Minstens één keer per jaar maak ik een harde val. Echter, zo hard als ik dit jaar viel, zo viel ik niet eerder. Een tijd lang wist ik niet wat er gebeurde. Zag ik niks. Hapte ik naar adem. Had ik niets om me aan vast te houden.

Het was toen ik in een blueberry muffin beet, in die leuke boekenwinkel annex koffiebar, dat hij op me af kwam. Hij zei: 'De bus met Roma komt toch niet'. Hij lachte gul en leek opgetogen dat uitgerekend hij z'n nieuwtje aan mij kwijt kon. Nu ja, met een mond vol blueberry muffin kon ik niet gek veel zeggen, maar ik keek hem oprecht verwonderd aan. Hij merkte meteen z'n vergissing en zei dat ik zoveel op haar leek, op haar van wie de boekenwinkel annex koffiebar is. Opgewekt at ik verder. Ik lijk graag op iemand.

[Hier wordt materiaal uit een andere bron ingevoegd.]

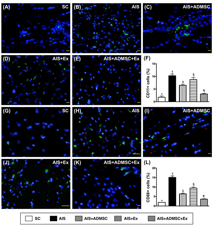 Figure 8: Inflammatory cell expression in brain infarct zone by day 60 after AIS (n = 6). A. to E. Illustrating immunofluorescent (IF) microscopic finding (400x) of CD11+ cells (green color). Red-color indicated Dil-dye stained ADMSC. F. Analytical results of number of CD11+ cells, *vs. other groups with different symbols (†, ‡, §, ¶), p < 0.0001. G. to K. Illustrating IF microscopic findings (400x) of CD68+ cells (green color). Red-color indicated Dil-dye stained ADMSC. L. Analytical results of number of CD68+ cells, *vs. other groups with different symbols (†, ‡, §, ¶), p < 0.0001. Scale bars in right lower corner represent 20µm. All statistical analyses were performed by one-way ANOVA, followed by Bonferroni multiple comparison post hoc test. Symbols (*, †, ‡, §, ¶) indicate significance (at 0.05 level). SC = sham control; AIS = acute ischemic stroke; ADMSC = adipose-derived mesenchymal stem cell; Ex = exosome.
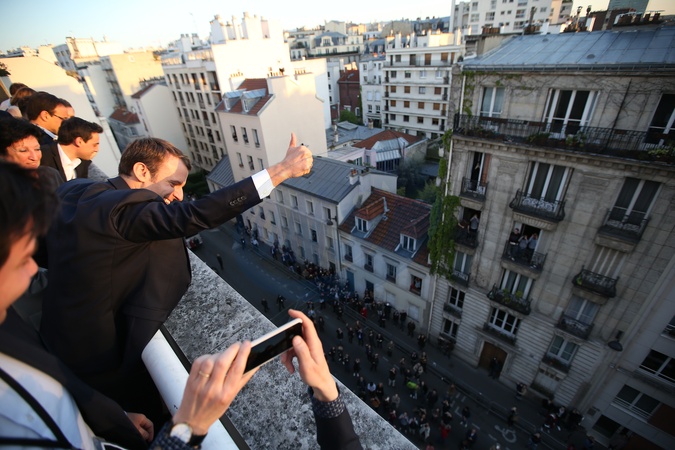 Szczesliwy Emmanuel Macron pozdrawia Francuzow
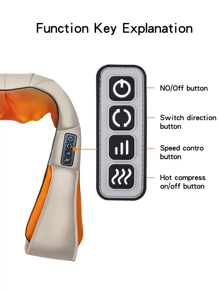 U-shaped massager with 16 rotating finger pressure joints for deep relaxation
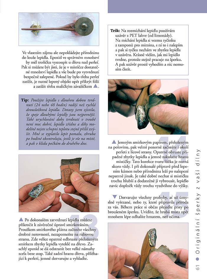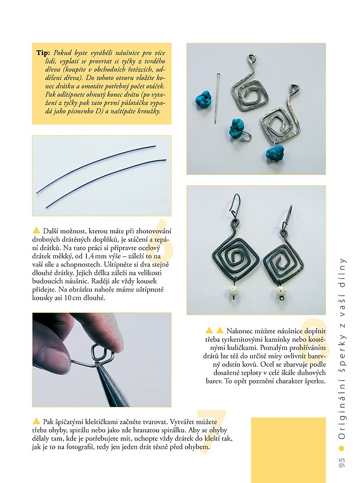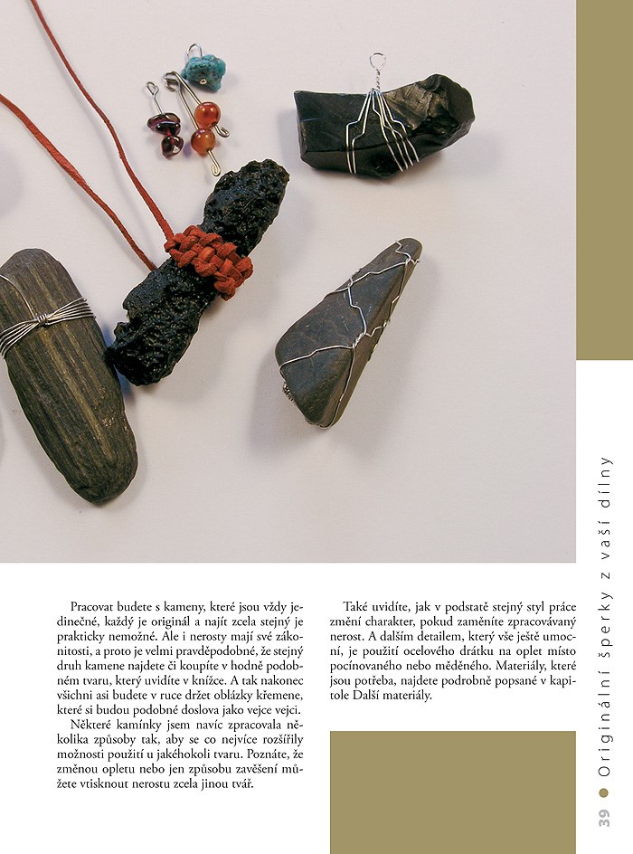Společně se zkušenou lektorkou kurzů si vyrobíte své vlastní šperky: co kus, to originál. Zlato a stříbro ponecháte profesionálům, vy budete využívat především přírodních materiálů – kamenů, mušlí, perleti, dřeva či kůže. Dozvíte se, jaké mají různé materiály výhody nebo nevýhody a také jak se rozhodnout v obchodě při výběru nářadí. Naučíte se odrátovat kamínky a zkombinovat je s měděným plíškem či dřevem. Vyřežete si ozdobné jehlice ze dřeva, upletete si kulatou šňůru z řemínků, vytepete drobnosti z drátků. Vytvoříte si spoustu jednoduchých a působivých šperků pro sebe a své blízké – náhrdelníky, spony do vlasů, náušnice, přívěsky, ale také knoflíky a jiné doplňky.
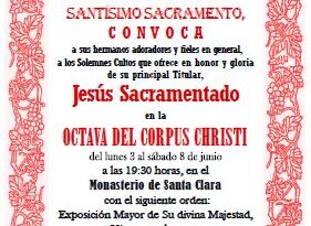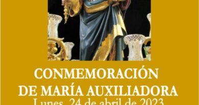 Maria Auxiliadora Coronada ha comenzado desde hoy 15 de mayo y hasta el 23 del mismo mes, con la Solemne Novena a la Santísima Virgen que dará comienzo a las 20:00 h.; previamente se rezará el Santo Rosario. El día 20, presentación de los niños nacidos en el año. Día 23, imposición de medallas a nuevos asociados. En la capilla de Ntra. Sra. del Carmen. El día 24, Solemnidad de María Auxiliadora de los Cristianos, a las 9:30 h. de la mañana. A las 11:00 h., solemne eucaristía.
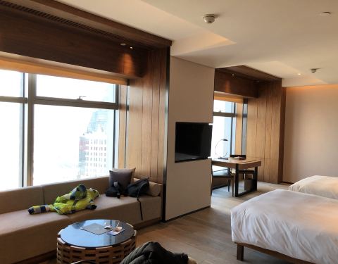 优点是酒店房间够大,视野很开阔,租车服务也很方便,不足是前台服务人员态度一般,换乘电梯麻烦但绝对可以理解。整体入住感觉还不错,有提升空间。

Haast elke dag is het, dat ik wel ietsje kan bedenken dat me oplucht. Blij maakt zelfs. Dat ik geen buschauffeur hoef te zijn bijvoorbeeld. Of een vergeten euro vind in een jaszak. Of 's morgens ontdek dat ik gisteren krentenbrood kocht.
Zo ook dat ik niet blééf vallen. Dat ik ergens óp viel. Dat daar eindelijk een bodem was.